=== WORK TO COMPLETE ===
For this exercise, return all the data word for word, with images left out.

=== INFORMATION SHOWN ===
****************************************

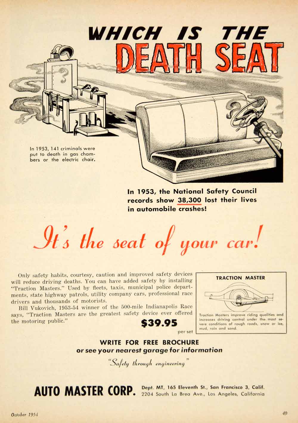 This is an original 1954 two-color print ad for "traction masters" car parts that were made and sold by the Auto Master Corporation of 165 Eleventh Street, San Francisco, California (CA).
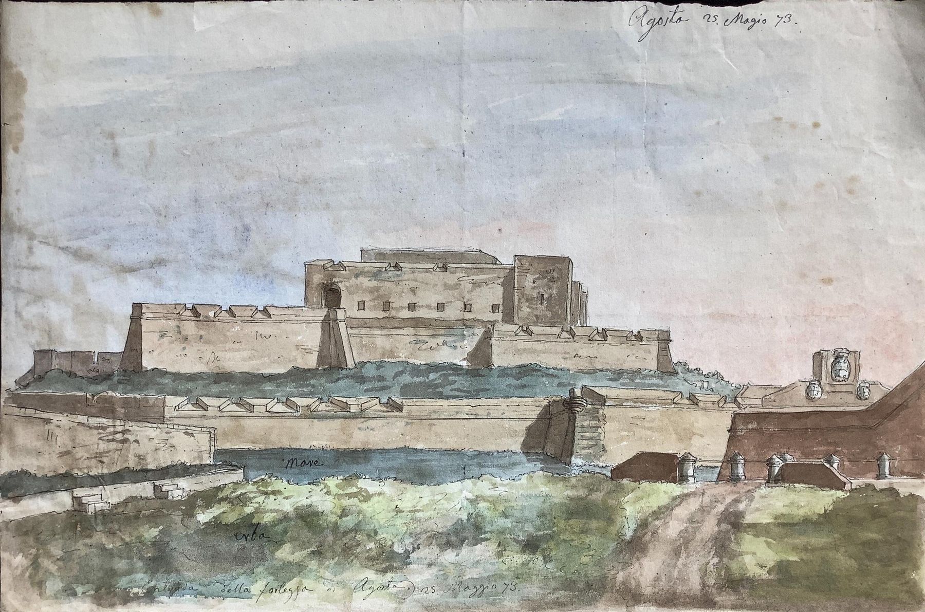 Disegno Acquarello su carta raffigurante la fortezza di Agosta, Roma. Datato 25 maggio 73. 215 x 320 mm
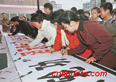 自天安門“法輪功”練習者自焚事件發生后,廣州各界人士紛紛舉行各種活動聲討“法輪功”的滔天罪行。八日,越秀區大新街的數千名居民簽名聲討邪教“法輪功”。中新社記者 梁永強 攝
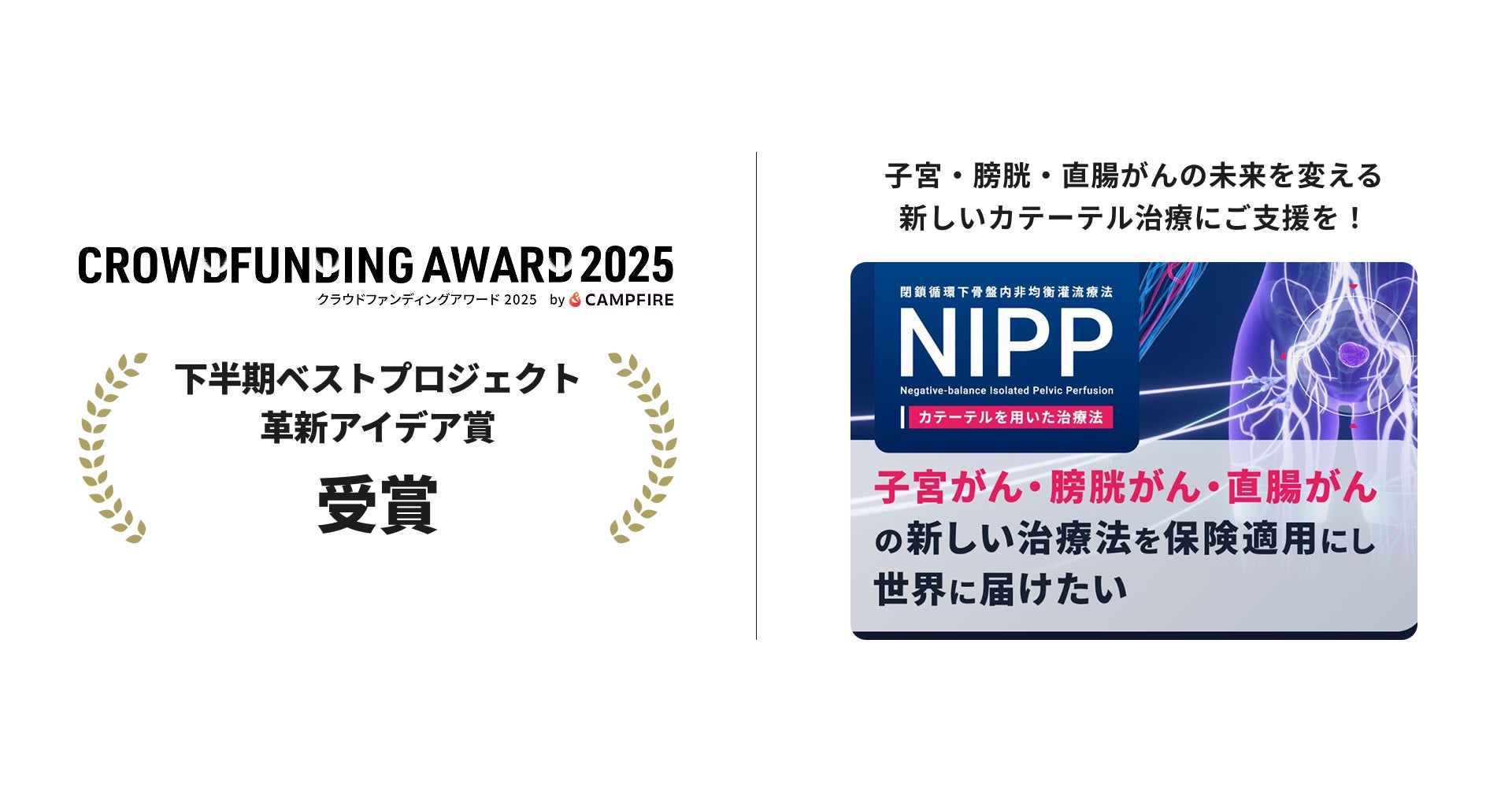 子宮・膀胱・直腸がんのカテーテル治療「NIPP」が「クラウドファンディングアワード 2025」下半期ベストプロジェクト【社会貢献部門/革新アイデア賞】を受賞

****************************************

=== SOLUTION ===
 This is an original 1954 two-color print ad for "traction masters" car parts that were made and sold by the Auto Master Corporation of 165 Eleventh Street, San Francisco, California (CA).
 Disegno Acquarello su carta raffigurante la fortezza di Agosta, Roma. Datato 25 maggio 73. 215 x 320 mm
 自天安門“法輪功”練習者自焚事件發生后,廣州各界人士紛紛舉行各種活動聲討“法輪功”的滔天罪行。八日,越秀區大新街的數千名居民簽名聲討邪教“法輪功”。中新社記者 梁永強 攝
 子宮・膀胱・直腸がんのカテーテル治療「NIPP」が「クラウドファンディングアワード 2025」下半期ベストプロジェクト【社会貢献部門/革新アイデア賞】を受賞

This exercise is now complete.